Friday, August 9, 2013

Reflections on Qui-Gon and the Nerf Herder

Today's favorite moments included . . .

. . . playing peekaboo with Anna

And another thing . . .

. . . to help time pass for everyone the last three days, I've let the big kids choose a movie to watch each morning.  The first day, Joy asked to watch Star Wars: Episode 2 (you know - the one where Padme dresses up in a different gorgeous dress for each scene, and gazes into brooding young Annikan's eyes telling him he MUST NOT LOVE HER).  I told her I was going to be stressed enough trying to potty train a toddler, without having a [CGI-dependent, no heart, pale shadow of the original awesome trilogy] movie I don't like playing in the background.

Joy opted to watch Return of the Jedi instead.  The next day, Daniel asked to watch it again, and I confess I didn't mind.  A third viewing in a single week might have been pushing it, though, so I'm grateful to report that Joy chose The Empire Strikes Back today.  As we watched these two films, I was repeatedly struck by how much better they are than the newer trilogy.

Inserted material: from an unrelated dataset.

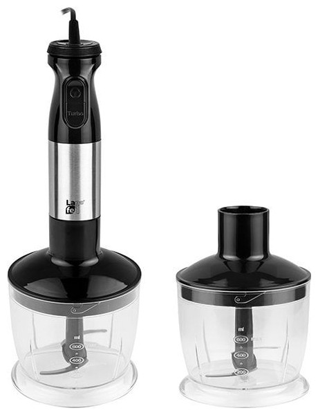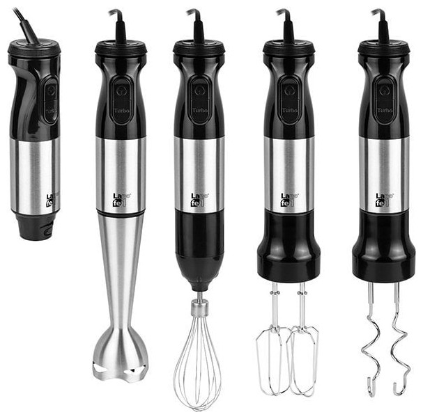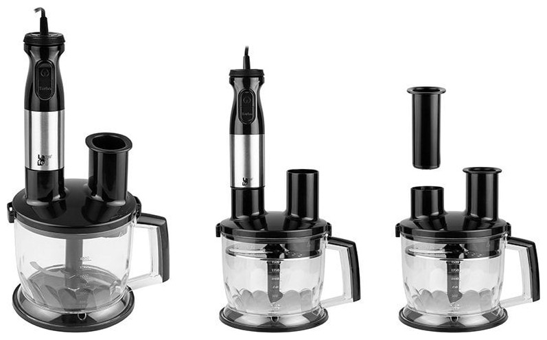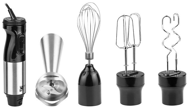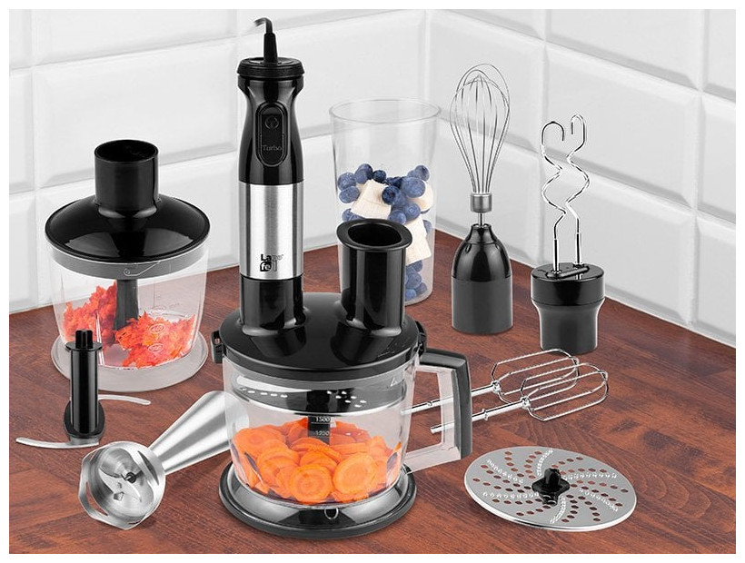 Περιλαμβάνονται αξεσουάρ: Μύτη ανάμειξης, μύτη χτυπήματος αφρού, εξάρτημα παρασκευής πουρέ, πολυλειτουργικός επεξεργαστής τροφίμων με δοχείο 1 λίτρου, τρίφτες φρούτων και λαχανικών, κόφτης με δοχείο 500 ml, φλιτζάνι 700 ml.

A professor of mine once postulated that the biggest problem with the new trilogy is that there is no equivalent of Han Solo in it.  I think he has a pretty strong point.  Ironically, Han Solo has the same flaws Yoda disapproves of in Luke (impatience, recklessness), but somehow the things that are aggravating in Luke are charming in Han.  He's an unabashed scoundrel, and though (like Leia) I wouldn't want to admit to his face that I like him, I can't help it.  He's just plain fun.

It helps that he has a sense of humor, something no one in the new trilogy really has.  They all take themselves and their epic roles too seriously.  They are so busy being characters (the Mentor, the Ill-Fated Sweetheart, the Moody Guy Whose Selfish Hubris Will Lead Him to Betray Everyone) that they are never actually people who connect with you or with each other.  

Sure, the main characters in the older trilogy are archetypes,  too, but they're also very human.  They hug.  They argue.  They tease.  They call each other names ("Nerf herder!" "Calm down, Your Worshipfulness").  They choke Lando and shout at him right after he saves their lives because they're so fuming mad that he betrayed their friend.  You don't get any of that human emotion from the flat, newer characters.  They never feel like friends or sweethearts; they feel like plot devices.  The only one I was every really attached to was Qui-Gon Jinn, and they killed him off in the first movie.  Such a pity.